The impulse to learn has carried over to his adult life: Russell said he skimmed through 1,000 articles or papers a day. « I’ve always had a lot of curiosity, wanting to understand the ways of how things work, asking way too many questions, just being an information sponge, » Russell said. « I had that bug to always want to build and create early on. »
I had that bug to always want to build and create early on.
He said his parents would joke: « You just go do your black magic in the lab; we’ll slip food under the door. »
Rather than « doing the day-to-day stuff » of high school, Russell said he spent more time in his garage lab and working as an independent researcher at the Beckman Laser Institute of the University of California, Irvine.
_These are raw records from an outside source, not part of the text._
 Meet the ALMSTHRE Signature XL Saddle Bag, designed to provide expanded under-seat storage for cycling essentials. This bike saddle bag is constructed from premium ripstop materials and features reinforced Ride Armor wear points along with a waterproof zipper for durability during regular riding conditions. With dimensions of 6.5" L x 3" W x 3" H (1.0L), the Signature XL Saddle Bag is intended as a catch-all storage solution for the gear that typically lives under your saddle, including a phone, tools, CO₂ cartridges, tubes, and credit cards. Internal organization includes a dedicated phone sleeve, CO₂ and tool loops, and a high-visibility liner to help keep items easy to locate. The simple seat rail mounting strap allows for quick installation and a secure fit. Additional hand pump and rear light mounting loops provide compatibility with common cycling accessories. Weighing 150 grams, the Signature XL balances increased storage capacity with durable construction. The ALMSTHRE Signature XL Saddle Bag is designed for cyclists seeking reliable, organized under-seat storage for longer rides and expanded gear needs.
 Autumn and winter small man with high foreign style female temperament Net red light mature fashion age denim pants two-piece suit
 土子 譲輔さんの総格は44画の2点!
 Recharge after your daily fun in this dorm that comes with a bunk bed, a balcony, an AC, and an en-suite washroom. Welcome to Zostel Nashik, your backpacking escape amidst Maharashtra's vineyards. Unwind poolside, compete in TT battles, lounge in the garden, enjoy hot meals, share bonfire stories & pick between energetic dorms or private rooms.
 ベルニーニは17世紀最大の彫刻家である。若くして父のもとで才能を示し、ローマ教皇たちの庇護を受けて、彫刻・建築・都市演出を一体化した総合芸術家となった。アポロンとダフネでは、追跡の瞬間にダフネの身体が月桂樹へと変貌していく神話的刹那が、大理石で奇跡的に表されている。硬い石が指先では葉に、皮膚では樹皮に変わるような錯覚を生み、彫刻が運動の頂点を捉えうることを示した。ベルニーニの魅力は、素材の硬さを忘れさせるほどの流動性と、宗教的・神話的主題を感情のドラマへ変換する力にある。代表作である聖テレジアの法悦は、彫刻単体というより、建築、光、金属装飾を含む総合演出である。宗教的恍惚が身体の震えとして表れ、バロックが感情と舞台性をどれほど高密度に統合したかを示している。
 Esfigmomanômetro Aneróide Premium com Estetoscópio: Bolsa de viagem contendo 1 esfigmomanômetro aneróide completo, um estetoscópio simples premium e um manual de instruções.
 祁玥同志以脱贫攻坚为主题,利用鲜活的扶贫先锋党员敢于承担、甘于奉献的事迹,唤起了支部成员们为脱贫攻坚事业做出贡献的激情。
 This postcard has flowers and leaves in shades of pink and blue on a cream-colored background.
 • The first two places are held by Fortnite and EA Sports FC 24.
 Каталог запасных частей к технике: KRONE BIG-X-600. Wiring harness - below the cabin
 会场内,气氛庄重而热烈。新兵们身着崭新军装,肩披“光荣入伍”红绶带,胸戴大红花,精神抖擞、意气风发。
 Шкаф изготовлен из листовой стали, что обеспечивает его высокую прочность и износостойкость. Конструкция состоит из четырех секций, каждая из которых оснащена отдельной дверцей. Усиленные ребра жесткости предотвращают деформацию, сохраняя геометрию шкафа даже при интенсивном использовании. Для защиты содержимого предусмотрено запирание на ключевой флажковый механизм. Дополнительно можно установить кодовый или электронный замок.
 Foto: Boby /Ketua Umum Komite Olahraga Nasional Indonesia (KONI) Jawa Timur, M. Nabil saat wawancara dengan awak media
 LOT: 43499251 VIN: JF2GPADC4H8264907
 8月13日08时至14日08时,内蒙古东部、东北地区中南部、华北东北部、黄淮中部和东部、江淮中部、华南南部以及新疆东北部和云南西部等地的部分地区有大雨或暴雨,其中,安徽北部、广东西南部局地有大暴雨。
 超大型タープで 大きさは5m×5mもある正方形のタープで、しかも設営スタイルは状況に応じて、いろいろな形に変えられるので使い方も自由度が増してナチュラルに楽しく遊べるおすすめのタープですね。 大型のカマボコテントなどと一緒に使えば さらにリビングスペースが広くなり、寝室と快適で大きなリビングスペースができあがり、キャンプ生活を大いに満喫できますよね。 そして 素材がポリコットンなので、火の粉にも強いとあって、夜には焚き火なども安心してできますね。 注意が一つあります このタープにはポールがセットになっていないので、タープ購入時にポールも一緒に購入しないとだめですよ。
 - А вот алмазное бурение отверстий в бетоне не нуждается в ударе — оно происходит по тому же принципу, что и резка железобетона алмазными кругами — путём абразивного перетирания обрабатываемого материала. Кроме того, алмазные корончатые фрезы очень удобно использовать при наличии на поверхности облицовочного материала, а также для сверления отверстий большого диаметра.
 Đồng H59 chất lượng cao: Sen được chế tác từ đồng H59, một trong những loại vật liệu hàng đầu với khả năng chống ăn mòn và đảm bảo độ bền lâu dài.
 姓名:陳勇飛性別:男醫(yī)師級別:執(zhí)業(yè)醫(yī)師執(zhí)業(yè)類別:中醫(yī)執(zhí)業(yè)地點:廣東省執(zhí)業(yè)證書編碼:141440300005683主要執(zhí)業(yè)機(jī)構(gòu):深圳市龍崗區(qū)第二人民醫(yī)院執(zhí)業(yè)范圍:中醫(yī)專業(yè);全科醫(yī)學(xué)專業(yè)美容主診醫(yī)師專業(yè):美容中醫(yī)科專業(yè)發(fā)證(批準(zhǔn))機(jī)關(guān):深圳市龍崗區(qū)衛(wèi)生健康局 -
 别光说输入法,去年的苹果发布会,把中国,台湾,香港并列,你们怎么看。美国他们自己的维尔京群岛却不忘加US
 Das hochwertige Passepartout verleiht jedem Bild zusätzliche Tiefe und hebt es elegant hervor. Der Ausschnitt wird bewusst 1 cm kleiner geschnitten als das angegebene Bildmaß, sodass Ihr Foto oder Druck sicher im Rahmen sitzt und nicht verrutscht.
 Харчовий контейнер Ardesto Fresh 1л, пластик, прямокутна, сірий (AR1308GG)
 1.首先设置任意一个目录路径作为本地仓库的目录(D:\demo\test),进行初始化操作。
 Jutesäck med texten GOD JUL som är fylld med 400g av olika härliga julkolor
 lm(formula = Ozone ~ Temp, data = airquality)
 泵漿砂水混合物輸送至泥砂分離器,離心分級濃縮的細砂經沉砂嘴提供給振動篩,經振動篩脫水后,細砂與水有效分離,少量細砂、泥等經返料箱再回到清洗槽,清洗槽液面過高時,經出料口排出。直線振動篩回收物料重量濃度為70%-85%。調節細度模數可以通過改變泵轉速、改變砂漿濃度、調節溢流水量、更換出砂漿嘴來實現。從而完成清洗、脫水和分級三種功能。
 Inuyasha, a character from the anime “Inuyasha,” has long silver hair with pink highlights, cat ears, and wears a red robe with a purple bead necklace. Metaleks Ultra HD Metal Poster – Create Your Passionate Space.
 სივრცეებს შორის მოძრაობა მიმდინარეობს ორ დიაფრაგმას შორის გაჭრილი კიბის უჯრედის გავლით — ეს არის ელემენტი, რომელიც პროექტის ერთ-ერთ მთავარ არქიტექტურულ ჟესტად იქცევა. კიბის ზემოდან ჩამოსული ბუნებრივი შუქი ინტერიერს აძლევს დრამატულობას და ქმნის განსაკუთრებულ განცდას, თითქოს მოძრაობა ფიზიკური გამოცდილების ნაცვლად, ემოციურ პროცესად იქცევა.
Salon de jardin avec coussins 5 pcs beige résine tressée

After high school, he went off to study physics at Stanford but dropped out six months later to continue his work on Luminar after receiving the prestigious Thiel Fellowship, the startup accelerator created by the Silicon Valley entrepreneur and venture capitalist Peter Thiel that pays students $100,000 to drop out of school and build a startup for two years.
Russell said he always knew academia wasn’t for him.
He said too many technologies get developed without an application or end up stuck in the lab. He’d followed what the autonomous-vehicle industry was doing with lidar sensors and was determined to find a way to make an affordable version that could be universal.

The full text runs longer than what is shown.